Denote with \((P_{\ell }^u)_m^n\) the problem \(P_m^n\) augmented by (A1). Denote with \((P_{\ell })_m^n\) the problem \(P_m^n\) augmented only by the uniform lower bounds

$$\begin{aligned} \ell&\le x_i&i&=m,\ldots ,n \end{aligned}$$
(A3)

The following lemma provides further auxiliary results.

Lemma 12

Let \(m\le h\le k\le n\) and retain the assumptions of Proposition 10.

  1. 1.

    The problem \((P_{\ell }^u)_h^k\) is consistent and has the equivalent representation (1), (2) and

    $$\begin{aligned} {\bar{\ell }}_i\le\,&x_i\le {\bar{u}}_i&i&=h,\ldots ,k \end{aligned}$$
    (A4)

    with \({\bar{\ell }}_i=\max (\ell _i,\ell )\le \min (u_i,u)={\bar{u}}_i\) for \(i=h,\ldots ,k\). In this form, the interval constraints of \((P_{\ell }^u)_h^k\) satisfy parts 2. and 3. of Lemma 1. For \((P_{\ell })_h^k\), corresponding assertions hold.

  2. 2.

    Let the minimizer \(x^{\star }_h,\ldots ,x^{\star }_k\) of \(P_h^k\) also satisfy (A1) for \(i=h,\ldots ,k\). Then it minimizes \((P_{\ell }^u)_h^k\).

  3. 3.

    Let the minimizer \(x^{\star }_h,\ldots ,x^{\star }_k\) of \(P_h^k\) also satisfy (A3) for \(i=h,\ldots ,k\). Then it minimizes \((P_{\ell })_h^k\).

  4. 4.

    Let the minimizer \(x^{\star }_h,\ldots ,x^{\star }_k\) of \((P_{\ell }^u)_h^k\) satisfy \(x^{\star }_i<u\) with strict inequality for \(i=h,\ldots ,k\). Then it minimizes \((P_{\ell })_h^k\).

Proof

1: With parts 2. and 3. of Lemma 1 for \(P_h^k\) and the assumptions, we find

$$\begin{aligned} \ell _i&\le u_i&\ell _i&\le \ell _k\le u&\ell&\le u_h\le u_i&\ell&\le u&i&=h,\ldots ,k \end{aligned}$$

Hence, \({\bar{\ell }}_i=\max (\ell _i,\ell )\le \min (u_i,u)={\bar{u}}_i\) for \(h\le i\le k\) follows. Moreover, (4) and (A1) are clearly equivalent to (A4). Remarking also \({\bar{\ell }}_i\le {\bar{\ell }}_j\) and \({\bar{u}}_i\le {\bar{u}}_j\) for \(h\le i\le j\le k\), the problem with objective function (1) and constraints (2), (A4) is consistent by part 3. of Lemma 1.

2: Consider the dual variables associated with the minimizer \(x^{\star }_h,\ldots ,x^{\star }_k\). Concatenating dual variables with value 0 for the additional affine inequality constraints (A1), KKT are clearly still satisfied.
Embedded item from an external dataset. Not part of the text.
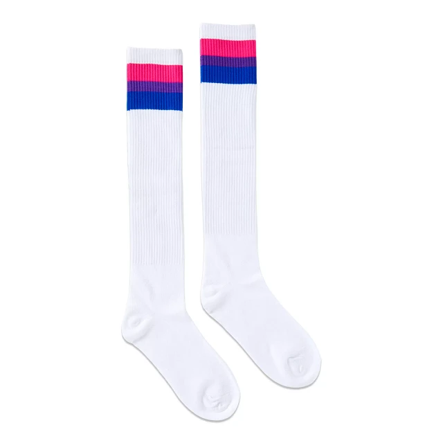 Ardene Striped Knee High Socks in White | Polyester/Spandex

3: the argument is analogous to that of part 2.

4: Consider the dual variables associated with the minimizer \(x^{\star }_h,\ldots ,x^{\star }_k\). By complementary slackness, those associated with the constraints \(x_i\le u\) as \(i=h,\ldots ,k\) take value 0. Hence we can drop the corresponding terms from the first-order conditions, retaining KKT for \((P_{\ell })_h^k\). \(\square\)
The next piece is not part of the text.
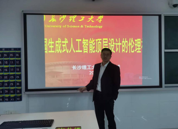此外,10月31日上午,陈万球教授还为马克思主义学院全体教师带来了一场题为《我国生成式人工智能顶层设计的伦理视界》的学术讲座,主要从问题提出:生成式人工智能凸显了“科林格里奇困境”,顶层设计:《生成式人工智能服务管理暂行办法》的破局之道,技术善治:生成式人工智能发展与治理的实践逻辑三个方面介绍了我国生成式人工智能的伦理问题。(文/图 周汇慧、徐茜 审稿人/一审:段锐 二审:伍小乐 三审:张冬毛)

We come to the proof of Proposition 10.

Proof

The case \(\ell =u\) is straightforward, so we assume \(\ell <u\).

Let the index values \(m\le h\le k\le n+1\) be defined such that

$$\begin{aligned} x^{\star }_m\le&\cdots \le x^{\star }_{h-1}\le \ell \\ \ell<x^{\star }_h\le&\cdots \le x^{\star }_{k-1}<u\\ u\le x^{\star }_k\le&\cdots \le x^{\star }_n \end{aligned}$$

According to Proposition 3, \(x^{\star }_h,\ldots ,x^{\star }_{k-1}\) minimize \(P_h^{k-1}\). By part 2. of Lemma 12, they minimize \((P_{\ell }^u)_h^{k-1}\).
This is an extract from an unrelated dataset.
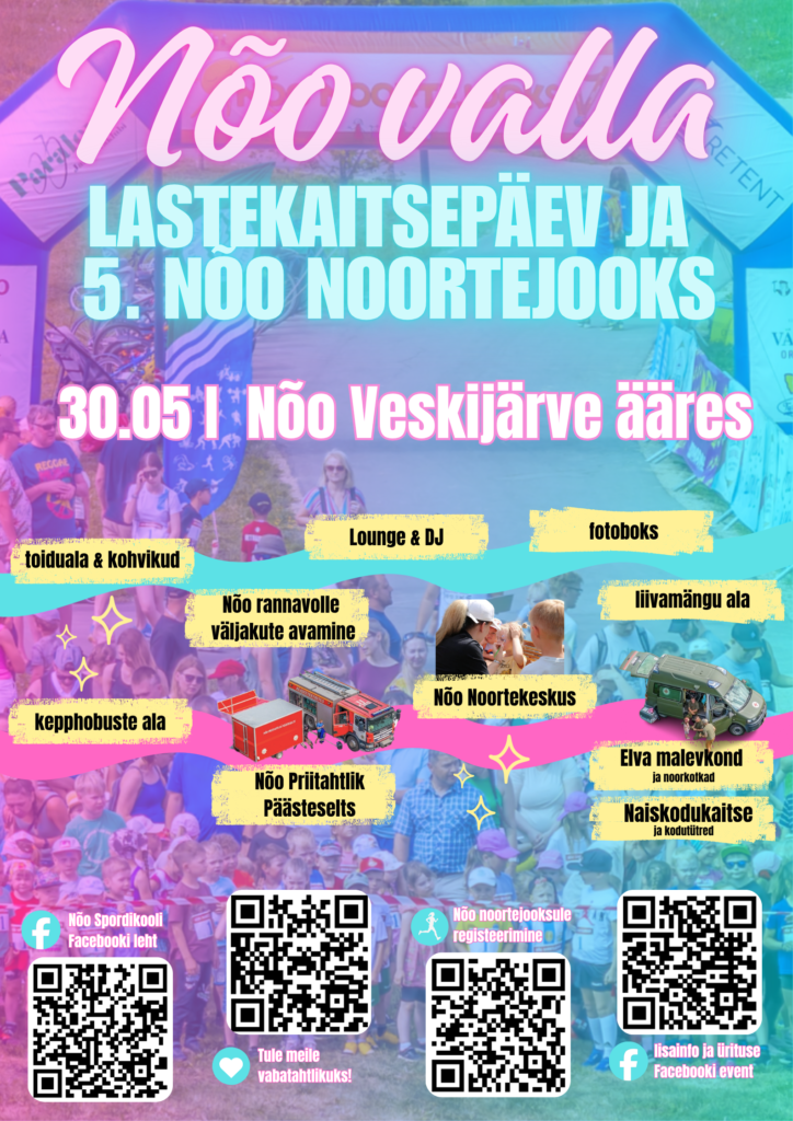 Avaleht Koolivaheajal 13.04.26-17.04.26 olema avatud kella 16.00-21.00 V NÕO NOORTEJOOKSU Reistreerimine Kogu lastekaitsepäeva info siit

According to part 1. of Lemma 12, Lemma 2 applies to \((P_{\ell }^u)_m^n\). Hence to complete the proof of Proposition 10, it suffices to show that \(y_i=\ell\) for \(i=m,\ldots ,h-1\) minimize \((P_{\ell }^u)_m^{h-1}\) and \(y_i=u\) for \(i=k,\ldots ,n\) minimize \((P_{\ell }^u)_k^n\). We only prove the latter claim, the former follows analogously.

On the one hand, remark that \(x^{\star }_k,\ldots ,x^{\star }_n\) minimize \(P_k^n\) by Proposition 3. Thus they minimize \((P_{\ell })_k^n\) by part 3. of Lemma 12.

On the other hand, denote by \(z_k,\ldots ,z_n\) the minimizer of \((P_{\ell }^u)_k^n\), remarking \(z_k\le \cdots \le z_n\le u\) by feasibility. Aiming for a contradiction, we assume there is an index \(j\in \{k,\ldots ,n\}\) with \(z_j<u\) and we choose j maximally. That implies either \(j=n\) or \(z_j<u=z_{j+1}\). By Proposition 3, \(z_k,\ldots ,z_j\) minimize \((P_{\ell }^u)_k^j\) in both cases. Part 4. of Lemma 12 shows that \(z_k,\ldots ,z_j\) also minimize \((P_{\ell })_k^j\).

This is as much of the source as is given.